Ensuite viennent les questions : Quels sont les champs de croissance – et où se trouvent-ils ? Dans quels marchés et quels segments de produits l’entreprise peut-elle croître ? Ces questions devraient être posées sur les cinq à dix prochaines années – volontairement détachées d’éventuels obstacles. Les entreprises prospères vivent de la croissance, de plus de chiffre d’affaires. Une grande partie de la finance repose sur le principe de la budgétisation, donc du respect des coûts – un domaine extrêmement important. Bien sûr, les budgets doivent être respectés, bien sûr il faut un reporting, un regard dans le rétroviseur pour vérifier ce qui fonctionne ou non. Mais il ne faut pas perdre de vue les opportunités et l’avenir. Il n’y a pas de succès à long terme sans prise de risques calculés.

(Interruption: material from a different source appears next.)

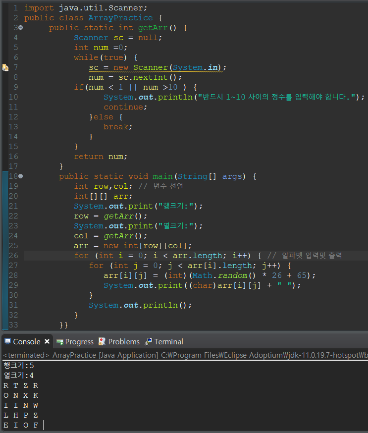크기가 정해진 이차원 배열 안에는 영어 대문자가 랜덤으로 들어가게 한 뒤 출력하세요.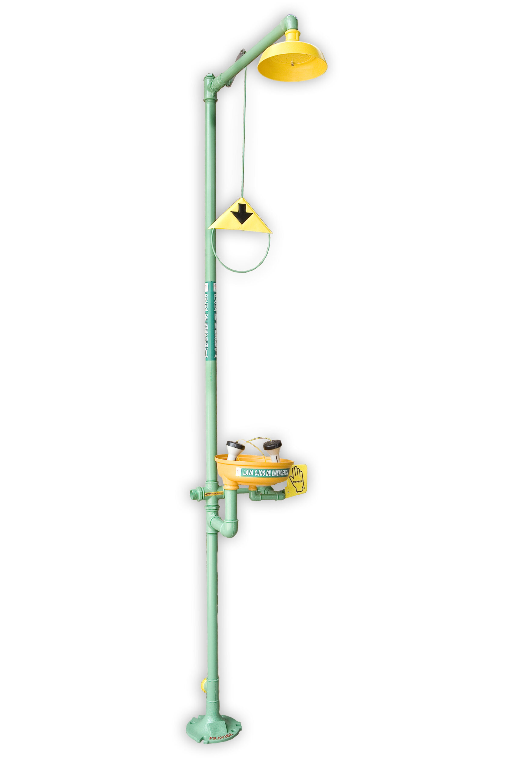 La palanca accionadora de la ducha es de 72 cm. de largo, con mango y señalizador incorporado, para la apertura de una válvula esférica de diámetro 1”.

De tous les cas de redressement que vous connaissez : lequel est actuellement le plus passionnant ?
À l’échelle mondiale, je considère que l’Allemagne est actuellement le cas de redressement le plus passionnant. L’Europe aussi, certes. Mais à y regarder de plus près, l’Allemagne est un cas extrêmement complexe avec de nombreux acteurs. Il semble presque insoluble. Je trouve fascinant d’observer comment les différents acteurs vont s’y prendre dans les un à deux ans à venir – car nous faisons tous partie de ce cas. Et il n’y a pas encore de vision claire de la direction à prendre. C’est certainement une problématique. En parallèle, les conditions-cadres sont difficiles : il faut de nombreuses approches de solution. Du point de vue entrepreneurial, il y a aussi de très nombreux obstacles qui compliquent le fait même d’entrer dans une logique de prise de risques.
Quelle solution proposeriez-vous ? Si vous étiez chancelier, que changeriez-vous ?
Politiquement, il y a en gros deux approches et beaucoup de variantes intermédiaires : par la directive et la subvention, ou par la libération des forces du marché. Je pense qu’il est illusoire de croire que certaines personnes sauraient quelles branches ou quelles mesures sont économiquement « justes » ou « fausses ». Les conditions difficiles dans lesquelles nous nous trouvons aujourd’hui résultent, selon moi, de nombreuses intentions louables, d’où sont issues une multitude de lois et de réglementations qui nous paralysent aujourd’hui plus qu’elles ne nous stimulent. Si je pouvais faire une proposition, ce serait la suivante : pour chaque nouvelle loi adoptée, deux anciennes devraient être supprimées. Car l’amour de la solution inclut aussi le fait d’écarter tout ce qui gêne sur le chemin. Un mécanisme simple, mais efficace.